= Exercise goal =
Search the listing below for the line with "Т.к.AB= АЕ+ЕВ= 8+4=12;AD=8,то", then write out that line and every one after it exactly, without the pictures.

= Supplied material =
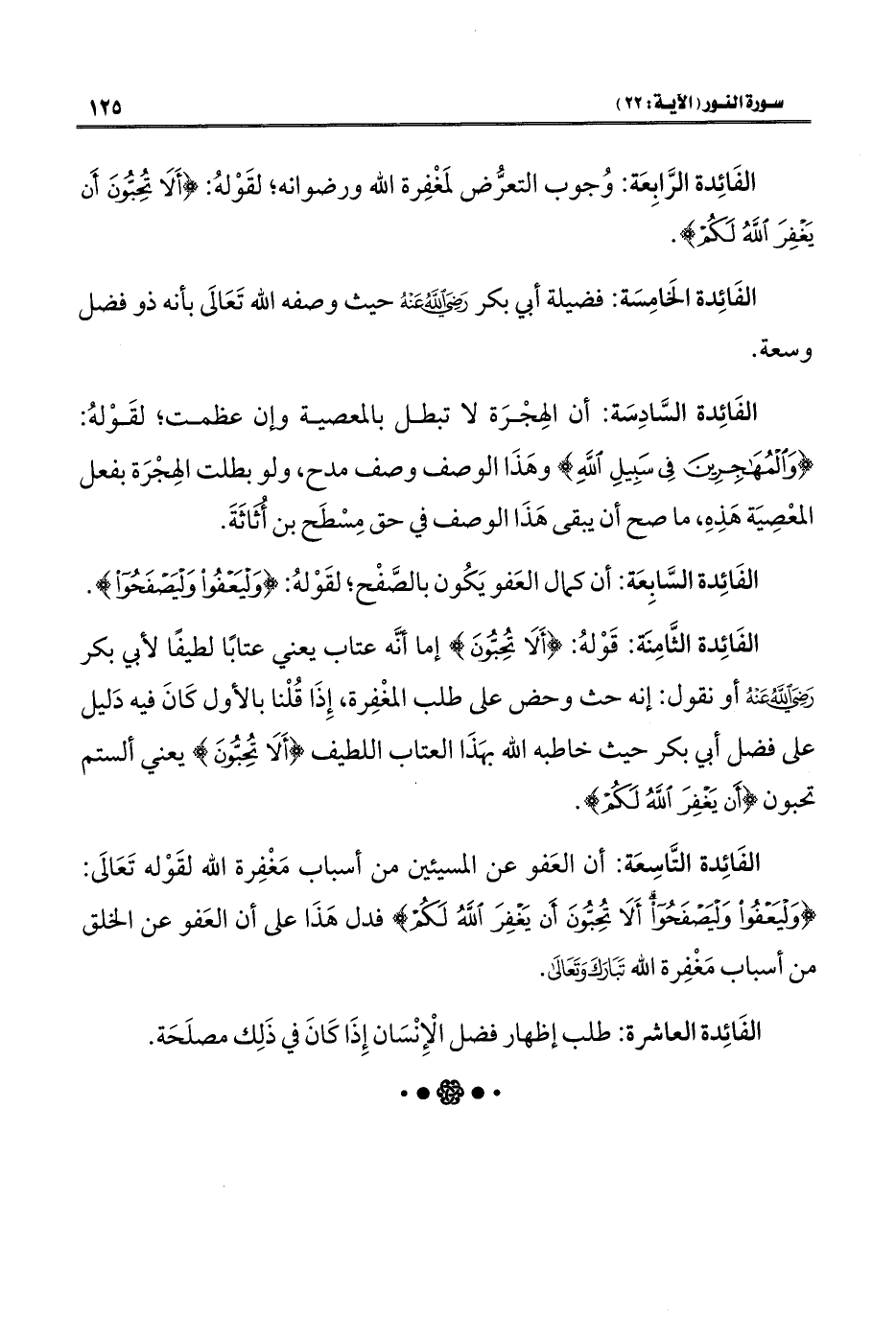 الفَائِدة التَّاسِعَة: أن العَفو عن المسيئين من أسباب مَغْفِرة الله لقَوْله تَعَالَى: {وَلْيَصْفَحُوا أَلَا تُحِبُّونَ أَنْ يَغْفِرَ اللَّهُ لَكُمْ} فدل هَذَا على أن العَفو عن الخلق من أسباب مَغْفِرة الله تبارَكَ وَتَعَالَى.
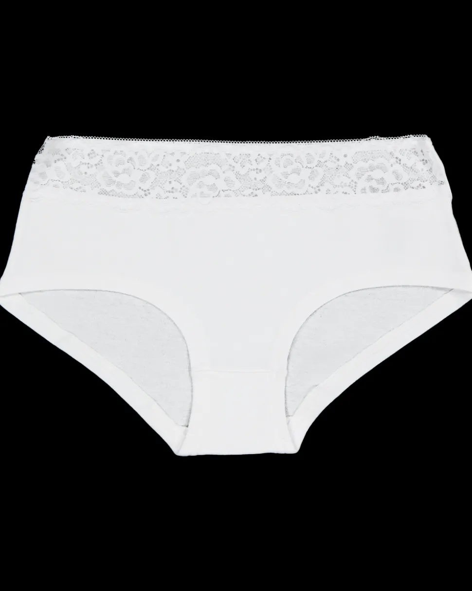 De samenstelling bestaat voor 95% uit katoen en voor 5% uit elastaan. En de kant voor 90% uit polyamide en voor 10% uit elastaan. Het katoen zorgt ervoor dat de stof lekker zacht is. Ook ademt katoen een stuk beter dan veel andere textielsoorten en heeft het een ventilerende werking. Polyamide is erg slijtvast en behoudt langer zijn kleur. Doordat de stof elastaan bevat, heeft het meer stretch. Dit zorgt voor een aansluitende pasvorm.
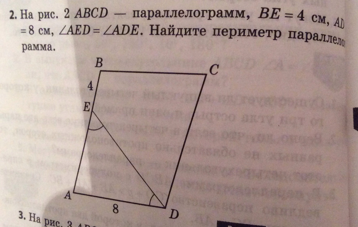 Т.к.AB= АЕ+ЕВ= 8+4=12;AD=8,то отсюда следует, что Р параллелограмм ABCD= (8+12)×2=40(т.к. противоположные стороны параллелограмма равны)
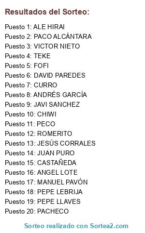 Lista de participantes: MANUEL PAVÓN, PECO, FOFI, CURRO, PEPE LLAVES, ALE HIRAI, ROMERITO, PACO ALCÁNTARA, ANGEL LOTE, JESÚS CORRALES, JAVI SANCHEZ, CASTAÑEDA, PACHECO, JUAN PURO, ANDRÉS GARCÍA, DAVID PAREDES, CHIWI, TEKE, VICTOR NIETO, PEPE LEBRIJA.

= Exercise answer =
 Т.к.AB= АЕ+ЕВ= 8+4=12;AD=8,то отсюда следует, что Р параллелограмм ABCD= (8+12)×2=40(т.к. противоположные стороны параллелограмма равны)
 Lista de participantes: MANUEL PAVÓN, PECO, FOFI, CURRO, PEPE LLAVES, ALE HIRAI, ROMERITO, PACO ALCÁNTARA, ANGEL LOTE, JESÚS CORRALES, JAVI SANCHEZ, CASTAÑEDA, PACHECO, JUAN PURO, ANDRÉS GARCÍA, DAVID PAREDES, CHIWI, TEKE, VICTOR NIETO, PEPE LEBRIJA.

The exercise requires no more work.